その想いは劇中の1カットから始まった。。。
映画「ビッグウェンズデー」で主役のマット・ジョンソンが小脇に抱えているバルサ。
劇中の美味しいシーンに悉く登場し、物語の聖なる剣と崇められたボードである。
そんなボードに恋い焦がれてシールビーチのロジャーハインツにコンタクトを取り、削って貰ったボードが本日紹介するボードである。
それがこちらのバルサPIGである。
バルサの無垢材6本から組まれたソリッドバルサには何にもにも代え難い程のオーラが宿っている様に思えてならない。
基本的なコンセプトは先だって削って貰ったフォームのPIGと同様になるのだが、様々な所でバルサらしさが垣間見えてくる。
例えばフィンはソリッドである所・・・
実は、現在時折見掛けるモダンバルサのフィンは装飾性を高める為にウッドを組み合わせたモノが多々あるが、PIGにはそんな小細工不要でソリッドこそが最も美しいと俺は思っている。
制作を請け負ってくれたロジャー・ハインツも同様の意見だった事からロジャーがヴィンテージバルサを熟知している事がうかがえた。
そんなソリッドフィンには、日本の海でも気兼ねなく乗れる様にリーシュホールを付けてもらった。
リーシュホールはピーターのバルサとは異なり、樹脂枠の部分に開けてもらい、限りなく当時のバルサの形を残してもらった。
画像でも確認出来る様にロジャーのハーフムーンは意外に後方に斜行しているのだが、これが俺レベルでも比較的安易にバルサを操作できるマジックの細工なのかも知れない。
そして、そのフィンはお約束の真上から見ると完全にはみ出す様に配慮してもらっている。
肝心のレールの創り込みであるが、これに関しては現在のモダンボードに通じる様なシャープな仕上がりとなっている。

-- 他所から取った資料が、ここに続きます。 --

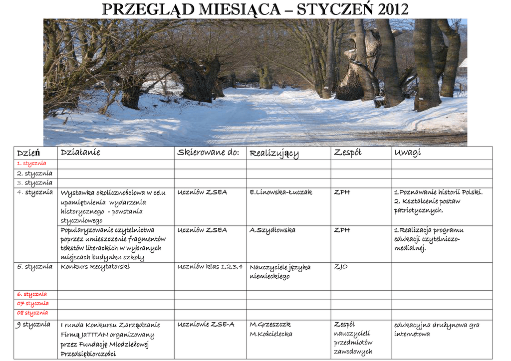 PRZEGLĄD PRZEGL D MIESIĄCA MIESI CA – STYCZEŃ STYCZE 2012 Dzień Dzie Działanie Skierowane do: Realizujący Realizuj cy Zespół Uwagi Wystawka okolicznościowa okoliczno ciowa w celu upamiętnienia upami tnienia wydarzenia historycznego - powstania styczniowego styczniowego Popularyzowa Popularyzowanie czytelnictwa poprzez umieszczenie fragmentów tekstów literackich literackich w wybranych miejscach budynku szkoły Konkurs Recytatorski Uczniów ZSEA E.LinowskaE.Linowska-Łuczak ZPH 1.Poznawanie historii Polski. 2. Kształcenie postaw patriotycznych. Uczniów ZSEA A.Szydłowska ZPH 1.Realizacja 1.Realizacja programu edukacji czytelniczoczytelniczomedialnej. Uczniów klas 1,2, 1,2,3,4 Nauczyciele języka j zyka niemieckiego ZJO I runda Konkursu Zarządzanie Zarz dzanie Firmą Firm JaTITAN JaTITAN organizowany przez Fundację Fundacj Młodzieżowej Młodzie owej Przedsiębiorczo Przedsi biorczości biorczo ci Uczniowie ZSEZSE-A Zespół nauczycieli przedmiotów zawodowych 1. stycznia 2. stycznia 3. stycznia 4. stycznia 5. stycznia 6. stycznia 07 stycznia 08 stycznia 9 stycznia M.Grzeszczk M.Kościelecka M.Ko cielecka edukacyjna drużynowa dru ynowa gra internetowa Ogólnopolski Konkurs Wiedzy o Bankach VI edycja Etap szkolny Olimpiady Ekologicznej Uczniowie ZSEZSE-A Uczniowie biorący bior cy udział w KE i chętni ch tni M. Kościelecka Ko cielecka K.Śpica K. pica M. Lemańska Lema ska Zespół nauczycieli przedmiotów zawodowych ZPP etap szkolny ZPŚ ZP Biorą Bior udział 55-cio osobowe zespoły klasowe z każdej ka dej klasy drugiej razem 25 osób (bez 1a) Konkurs Recytatorski zyka Recytatorski Języka Niemieckiego Poszerzanie wiedzy, rozwój zainteresowań zainteresowa 10. stycznia 11. Konkurs matematyczny matematyczny dla klas 1 Uczniów klas 1 Dorota Bartkowska stycznia 12. stycznia Konkurs Recytatorski Języka zyka Niemieckiego Rada klasyfikacyjna ogłoszenie konkursu miejskiego "System finansowania ochrony środowiska rodowiska w Polsce, a sytuacja gospodarcza w krajach UE" Banks in Action ChallengeChallengekonkurs europejski. I etap Wojewódzkiego Konkursu Wiedzy o Zdrowiu Zebrania Zebrania z rodzicami wywiadówki Uczniów klas 1,2, 1,2,3,4 Nauczyciele języka j zyka niemieckiego S Seroczyńska Seroczy ska Uczniowie ZSEZSE-A Klasy 1,2,3 M. Kościelecka Ko cielecka K.Śpica K. pica U. Feit ZJO Zespół nauczycieli przedmiotów zawodowych Zespół nauczycieli przedmiotów zawodowych ZPP gra symulacyjna internetowa Rozwijanie zainteresowań zainteresowa 13. stycznia 14 stycznia 15. stycznia 16. stycznia I runda konkursu JAJA-YE Europe Virtual Business Challenge Uczniowie ZSEZSE-A M.Grzeszczk Konkurs Counter Strike uczniów ZSEA Beata Checinska – Kopec Aleksandra Szydłowska Zespół nauczycieli przedmiotów zawodowych ZPŚ ZP gra symulacyjna internetowa internetowa 20 uczniow z róznych klas 17. stycznia 18. stycznia 19 stycznia. 20 stycznia. Konkurs matematyczny dla klas II Uczniów klas 2 Anna Jankowiak ZPŚ ZP Biorą Bior udział 55-cio osobowe zespoły klasowe z każdej ka dej klasy pierwszej razem 25 osób (bez 2a i 2b) Szkolny konkurs fotograficzny finał uczniów ZSEA Beata Checinska – Kopec Sylwia Seroczynska ZPŚ ZP Ok. 10 uczniów z różnych ró nych klas Próbny egzamin zawodowy Część teoretyczna Cz Uczniowie klas IV ZSEZSE-A Zespół nauczycieli przedmiotów zawodowych sprawdzenie poziomu przygotowania uczniów do egzaminu potwierdzającego potwierdzaj cego kwalifikacje zawodowe STUDNIÓWKA UCZNIOWIE KLAS CZWARTYCH 21 ,22 stycznia 23 stycznia stycznia 24 stycznia 25 stycznia 26 stycznia 27 stycznia RODZICE KLAS CZWARTYCH, WSPOMAGAJACY WYCHOWAWCY KLAS CZWARTYCH 28 stycznia stycznia 29 stycznia 30 stycznia 31 stycznia Inne działania długofalowe. 1 Graficzne przygotowanie kilku plansz plansz nt. Ekonomika 2 Akcja „Mam haka na raka” - V edycja ogólnopolskiego programu profilaktyki zdrowotnej Osób z zewnątrz zewn trz zainteresowanych naszą nasz szkołą szkoł Klasy 3 Beata Chęci Ch cińska ci ska - Kopeć Kope ZPŚ ZP Realizacja przez cały miesiąc miesi c 6 uczniów z klas 1 i 3 U. Feit ZPP Promocja rodowisku Promocja szkoły w środowisku lokalnym

と云うのも、サーフボードがバルサの時代は削っている人間自体が生粋のサーファーであり、クラフトマンであった為、1960年代半ばに登場するヴィンテージの様な極太のレールは略存在しない。
ヴィンテージを熟知しているロジャーだからこその配慮が見え隠れしているディティールの一つである。
また、レール同様に配慮されているのがフラットデッキだ。
ピーターのバルサほどのデッドフラットではないが、フォームのPIGよりも明らかにフラットになったデッキには1960年代のベルジーのPIGの思想が見え隠れしてならない。
そして、なんと云っても、このディケールであろう。
現在、国内で入手出来るベアーと同じディケールが付くのだが、それらのコンセプトは180度異なるのではないだろうか?
サーフボードは突き詰めて行くとディケールではなくシェイパーに辿り着くと云われているが、このボードはそれらの両方を兼ねえてもらったボードである。
そんな、感慨深いボードには俺の名前と一緒にロジャーのサインを入れてもらった。
バルサの時代にはあり得ない事項であるが、これはこれで良しとしたい所でもある。
フォーム、バルサと2本削って貰って訳だが、実はもう1本構想があった。
しかし、残念ながらロジャーが病に倒れてシェイプ家業を引退した為にお蔵入りとなったのだが、その分、より一層これらのボードに愛着が湧くというものである。
思い入れ深いからこそ、仲間達と集う時には是非とも、こいつも一生に海に浸けてやりたいものである。
Keep Surfing!!!!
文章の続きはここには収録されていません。